• July 27, 2010

[UPDATE:  In response to the hedge funds’ motion for sanctions, Compucredit has come out swinging and, you guessed it, asked the Court to sanction the hedge funds for seeking sanctions.  Compucredit’s brief weighs in at 52 pages.  It is highly fact-specific/case-specific and, on that basis, probably not of broad usefulness to Minnesota civil litigators.  On the other hand, for any who have been following the saga of this litigation, it is a worthwhile read.]

The battle between Compucredit and many investors in Compucredit notes, which erupted in late 2010 before U.S. District Court Judge John R. Tunheim has generated more than its fair share of Minnesota Litigator coverage and the war shows no sign of abating.

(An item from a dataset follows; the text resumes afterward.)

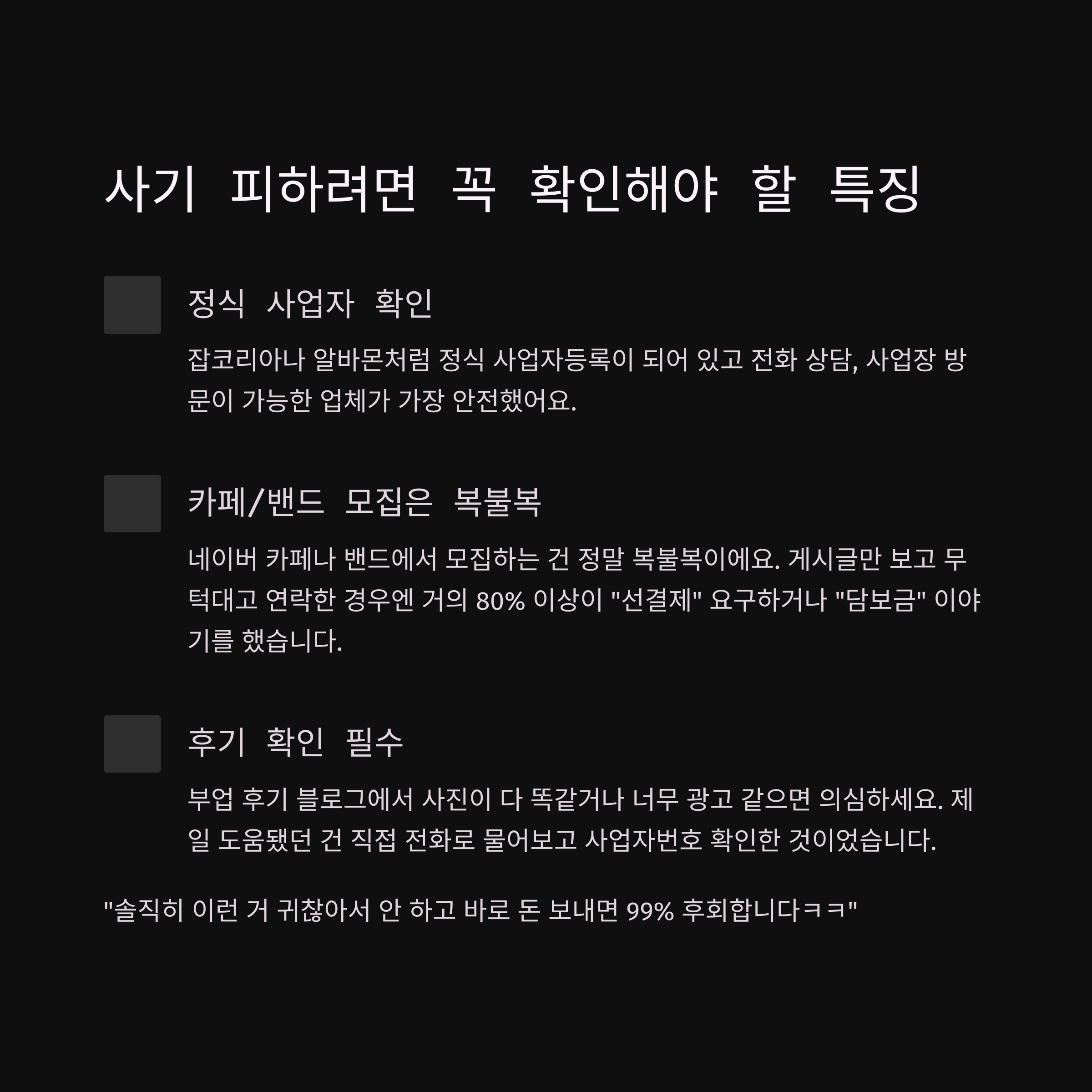 네이버 카페나 밴드에서 모집하는 건 솔직히 말하면 진짜 복불복이에요. 실제로 저도 카페에서 구한 첫 업체는 친절했지만 지인 추천이 많았던 경우였어요. 게시글만 보고 무턱대고 연락한 경우엔 거의 80% 이상이 "선결제" 요구하거나 "담보금" 이야기하더라고요.

Most recently, Compucredit filed a brief in response to defendants’ motion to dismiss.

In addition to being of interest to antitrust litigators, the exchange in the papers with regard to the admissibility of statements made in the context of settlement negotiations may be of interest more broadly to civil litigators.   The potentially enormous evidentiary value of admissions made in the context of settlement and a policy of according such admissions a privileged status making them immune from use as evidence is an obvious tension that may defy simply applied per se rules.

Compucredit’s brief, however, suggests two possible angles to permit a litigant to plead admissions made in settlement negotiations in a complaint:  (1) when the evidence sought to be offered is “fact, not offers to compromise,” and(2) the evideniary rule does not apply to “independently wrongful acts,” (a cited example: engaging in antitrust violations in the context of trying to settle a patent infringement case).    Compucredit concludes:

FRE 408 protects offers to compromise because such statements are made from a concern to buy peace, rather than to speak the truth and the interest in encouraging settlement of private disputes.  But these policy concerns are inapplicable where, as here, Defendants’ demand is part of an alleged conspiracy to achieve something to which they are not legally entitled: the premature repurchase of their Notes, let alone at above-market prices.
((Cite and quotation marks omitted)  The point about “buying peace” rather than “speaking the truth” seems to suggest another policy reason for not allowing such communications into evidence.  People bluster, bluff, coax, cajole, bob, weave and extemporize in settlement negotiations.  How reliable is such evidence at the end of the day?  And as for making demands “to which a they are not legally entitled,” doesn’t every litigant in settlement negotiations take the view that the other side is always doing that?)